[python] List of zeros in python

How can I create a list which contains only zeros? I want to be able to create a zeros list for each int in range(10)

For example, if the int in the range was 4 I will get:

[0,0,0,0]

and for 7:

[0,0,0,0,0,0,0]

This question is related to python

The answer is


zeros=[0]*4

you can replace 4 in the above example with whatever number you want.


Here is the xrange way:

list(0 for i in xrange(0,5)) 

If you want a function which will return an arbitrary number of zeros in a list, try this:

def make_zeros(number):
    return [0] * number

list = make_zeros(10)

# list now contains: [0, 0, 0, 0, 0, 0, 0, 0, 0, 0]

zlists = [[0] * i for i in range(10)]

zlists[0] is a list of 0 zeroes, zlists[1] is a list of 1 zero, zlists[2] is a list of 2 zeroes, etc.


$ python3
>>> from itertools import repeat
>>> list(repeat(0, 7))
[0, 0, 0, 0, 0, 0, 0]

The easiest way to create a list where all values are the same is multiplying a one-element list by n.

>>> [0] * 4
[0, 0, 0, 0]

So for your loop:

for i in range(10):
    print [0] * i

$python 2.7.8

from timeit import timeit
import numpy

timeit("list(0 for i in xrange(0, 100000))", number=1000)
> 8.173301935195923

timeit("[0 for i in xrange(0, 100000)]", number=1000)
> 4.881675958633423

timeit("[0] * 100000", number=1000)
> 0.6624710559844971

timeit('list(itertools.repeat(0, 100000))', 'import itertools', number=1000)
> 1.0820629596710205

You should use [0] * n to generate a list with n zeros.

See why [] is faster than list()

There is a gotcha though, both itertools.repeat and [0] * n will create lists whose elements refer to same id.
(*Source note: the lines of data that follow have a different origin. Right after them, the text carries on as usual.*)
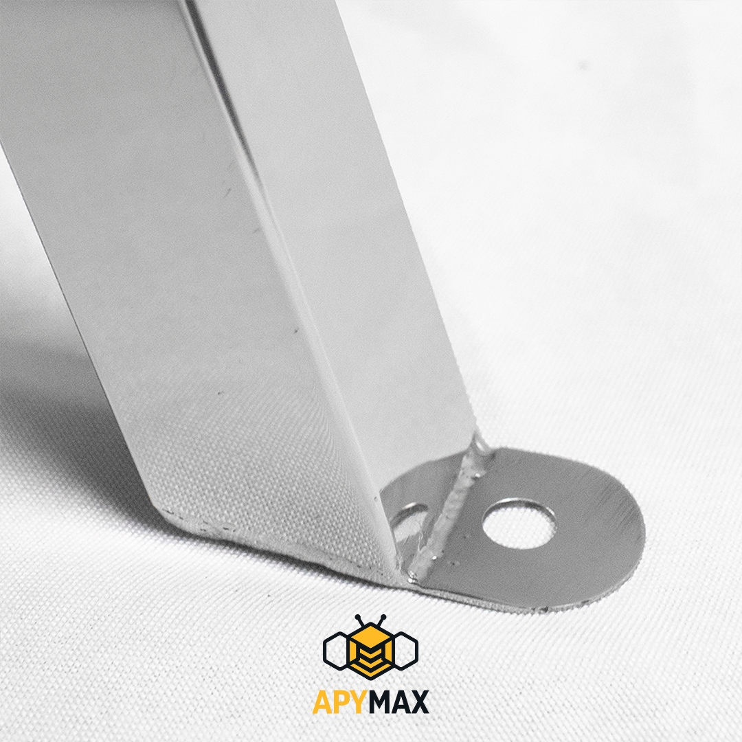 Las robustas patas de acero inoxidable (30x30mm), fijadas con tornillos inox M6, poseen una apertura de 15°, proporcionando excelente estabilidad en cualquier piso.
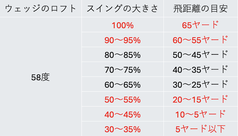 半端な距離を打ち分けるウェッジワークをチャート化してみた
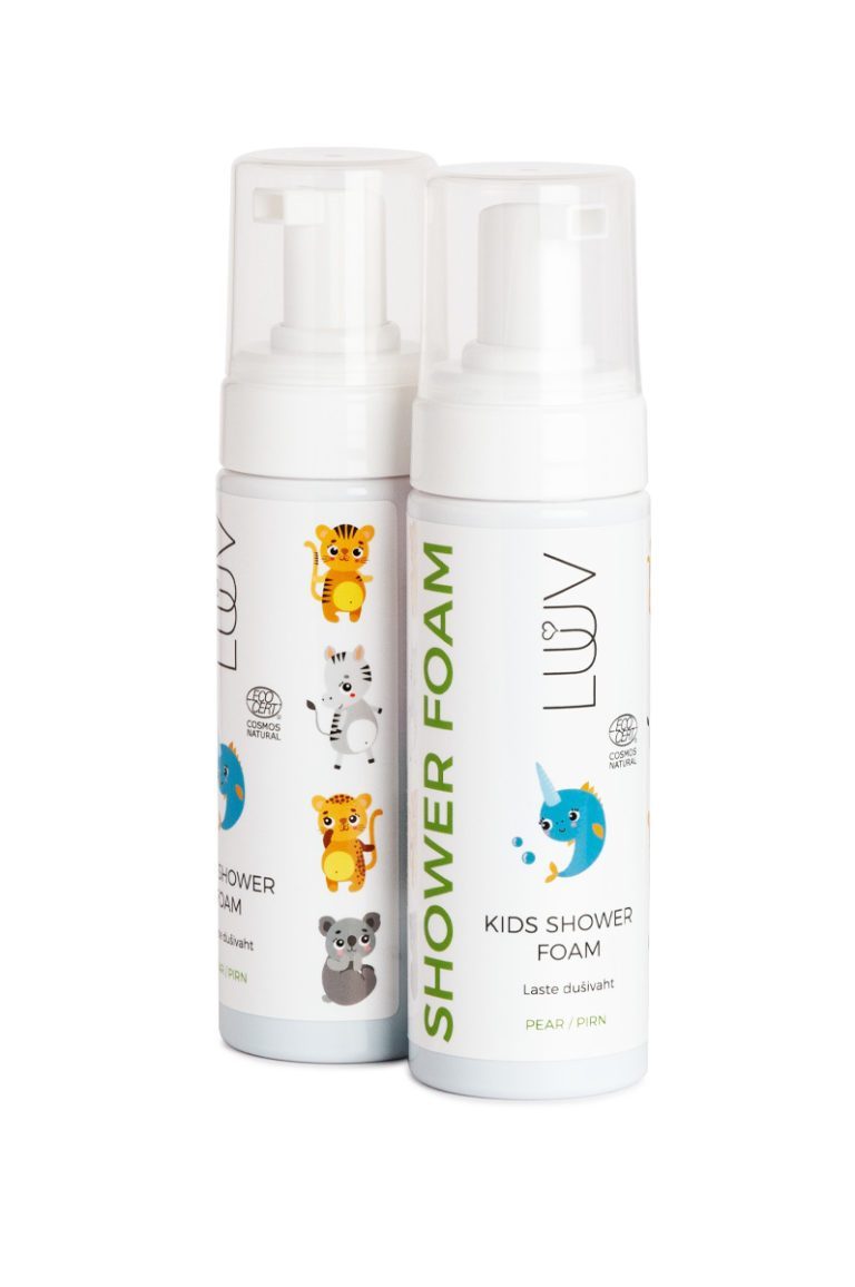 LUUV children’s shower foam is certified with the globally recognized ECOCERT / COSMOS eco-certificate. The shower foam makes washing playful and fun. The rich, soft foam is made from carefully selected plant-based cleansers that do not irritate or dry out the child’s delicate skin. The gentle pear aroma is of natural origin and does not contain allergens. The beautiful pinkish purple shade comes from potato extract. Eco-certified, natural and vegan product.
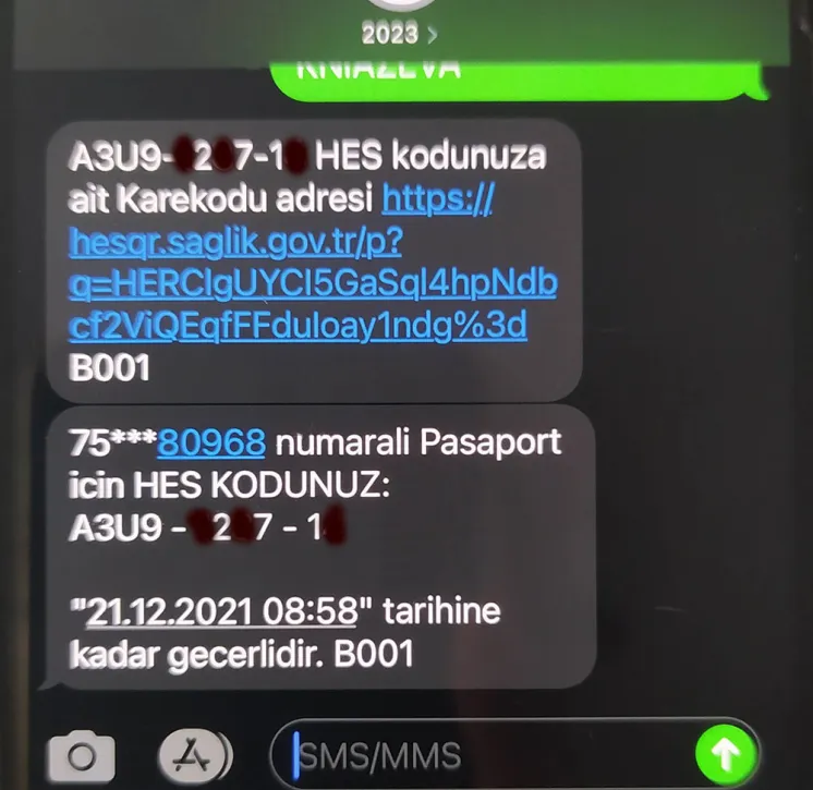 С начала осени 2020-ого года по всей Турции гражданам, а также туристам необходимо иметь код здоровья или HES-код. Он делается только гражданам Турции или иностранцам, которые прилетели или заехали в Турцию, то есть прошли границу и имеют штамп о въезде. Чтобы сделать HES код нужно отправить с местной сим-карты (с российской не получится) на номер 2023 следующее смс:

This is not a problem with immutable objects like integers or strings but if you try to create list of mutable objects like a list of lists ([[]] * n) then all the elements will refer to the same object.

a = [[]] * 10
a[0].append(1)
a
> [[1], [1], [1], [1], [1], [1], [1], [1], [1], [1]]
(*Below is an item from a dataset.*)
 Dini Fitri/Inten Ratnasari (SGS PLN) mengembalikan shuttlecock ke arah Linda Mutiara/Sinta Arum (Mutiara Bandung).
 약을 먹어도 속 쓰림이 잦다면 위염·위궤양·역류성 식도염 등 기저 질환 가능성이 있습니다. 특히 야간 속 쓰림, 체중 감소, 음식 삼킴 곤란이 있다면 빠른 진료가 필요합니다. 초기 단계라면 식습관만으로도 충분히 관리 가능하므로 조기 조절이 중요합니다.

[0] * n will create the list immediately while repeat can be used to create the list lazily when it is first accessed.

If you're dealing with really large amount of data and your problem doesn't need variable length of list or multiple data types within the list it is better to use numpy arrays.

timeit('numpy.zeros(100000, numpy.int)', 'import numpy', number=1000)
> 0.057849884033203125

numpy arrays will also consume less memory.